这里有趣的是,5%和95%百分位估计值之间的蓝色区域的宽度随时间而变化:

  • 到了晚上,蓝色带要窄得多:这对车型相当肯定会有少量自行车租赁。此外,这些似乎是正确的,因为实际需求保持在蓝色带内。

  • 白天,蓝色带要宽得多:不确定性增加,可能是因为天气的变异性会产生非常大的影响,尤其是在周末。

  • 我们还可以看到,在工作日,通勤模式在5%和95%的估计中仍然可见。

  • 最后,预计10%的情况下,实际需求不会介于5%和95%百分位估计之间。在这个测试范围内,实际需求似乎更高,尤其是在高峰时段。这可能表明,我们的95%百分位估计低估了需求峰值。这可以通过计算经验覆盖率(如在 calibration of confidence intervals .

查看非线性回归模型与最佳模型的性能:

from sklearn.metrics import PredictionErrorDisplay

fig, axes = plt.subplots(ncols=3, figsize=(15, 6), sharey=True)
fig.suptitle("Non-linear regression models")
predictions = [
    median_predictions,
    percentile_5_predictions,
    percentile_95_predictions,
]
labels = [
    "Median",
    "5th percentile",
    "95th percentile",
]
for ax, pred, label in zip(axes, predictions, labels):
    PredictionErrorDisplay.from_predictions(
        y_true=y_test,
        y_pred=pred,
        kind="residual_vs_predicted",
        scatter_kwargs={"alpha": 0.3},
        ax=ax,
    )
    ax.set(xlabel="Predicted demand", ylabel="True demand")
    ax.legend(["Best model", label])

plt.show()
Non-linear regression models

结论#

通过这个例子,我们探索了使用滞后特征的时间序列预测。

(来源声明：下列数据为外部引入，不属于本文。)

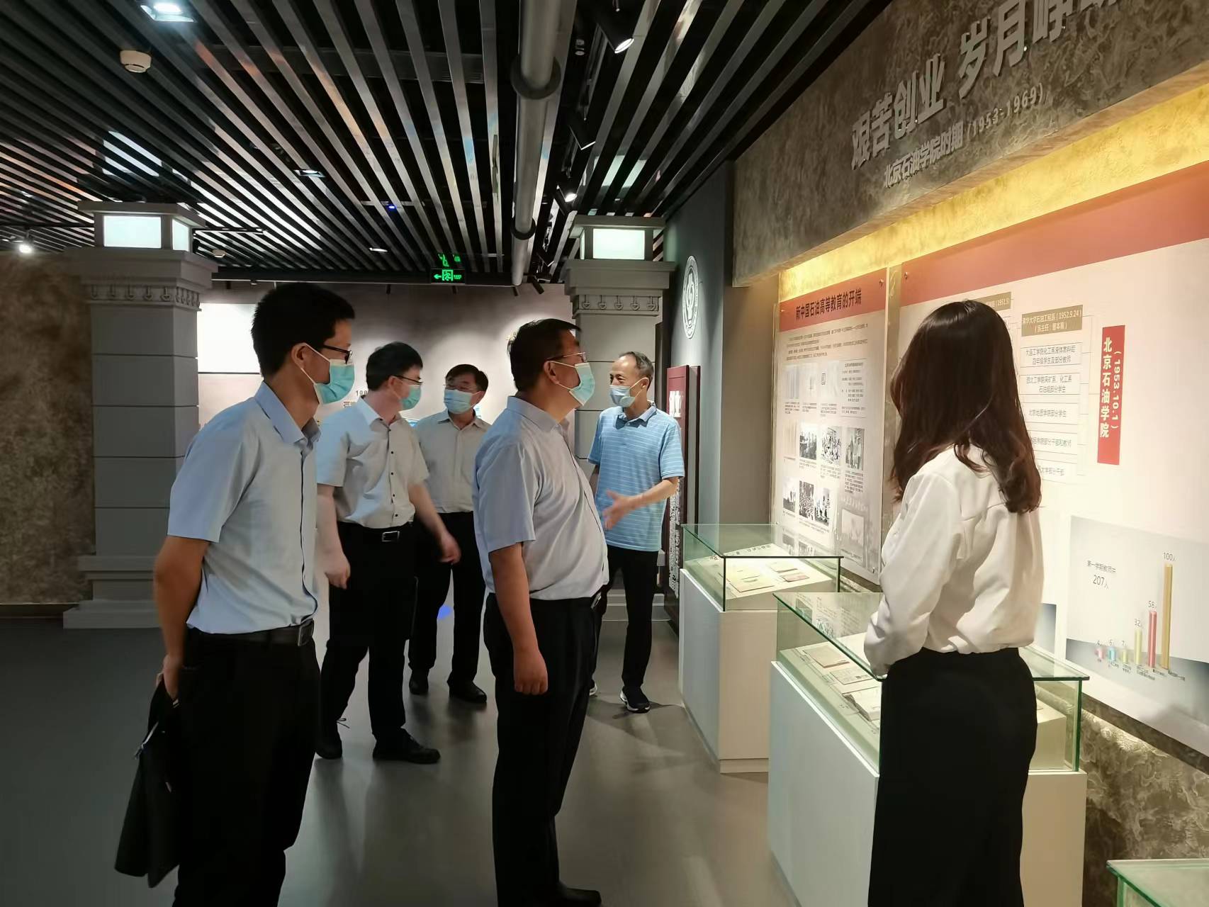 7月18日下午,克拉玛依市委常委、市委教育工委书记冯述江一行在SUNBET申搏官网副校长鲍志东,副校长、克拉玛依校区党委书记、校长梁永图陪同下参观了校史馆。
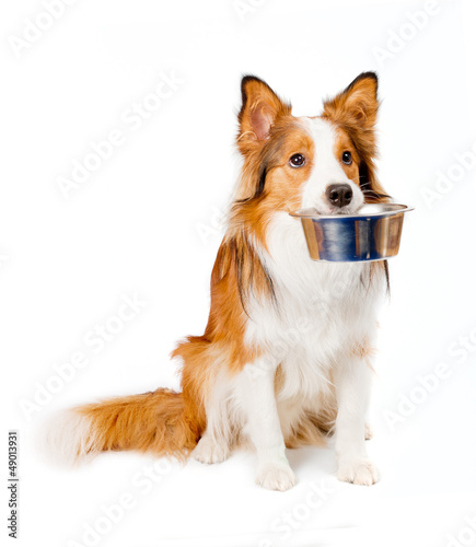 dog with empty bowl
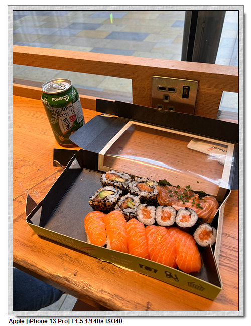 ▼【在車站內的壽司店買點東西吃,這裡內用價格與外帶價格不同(外帶6.45英鎊,內用7.75英鎊)】

我们比较了朴素回归(使用标准化 train_test_split )采用适当的时间序列评估策略, TimeSeriesSplit .我们观察到该模型使用 train_test_split ,默认值为 shuffle set to True produced an overly optimistic Mean Average Percentage Error (MAPE). The results produced from the time-based split better represent the performance of our time-series regression model. We also analyzed the predictive uncertainty of our model via Quantile Regression. Predictions based on the 5th and 95th percentile using loss="quantile" provide us with a quantitative estimate of the uncertainty of the forecasts made by our time series regression model. Uncertainty estimation can also be performed using MAPIE ,它提供了一种基于最近关于保形预测方法的工作的实现,并同时估计任意性和认识性的不确定性。此外,提供的功能 sktime 通过利用循环时间序列预测,可以用于扩展scikit-learn估计器,从而能够动态预测未来值。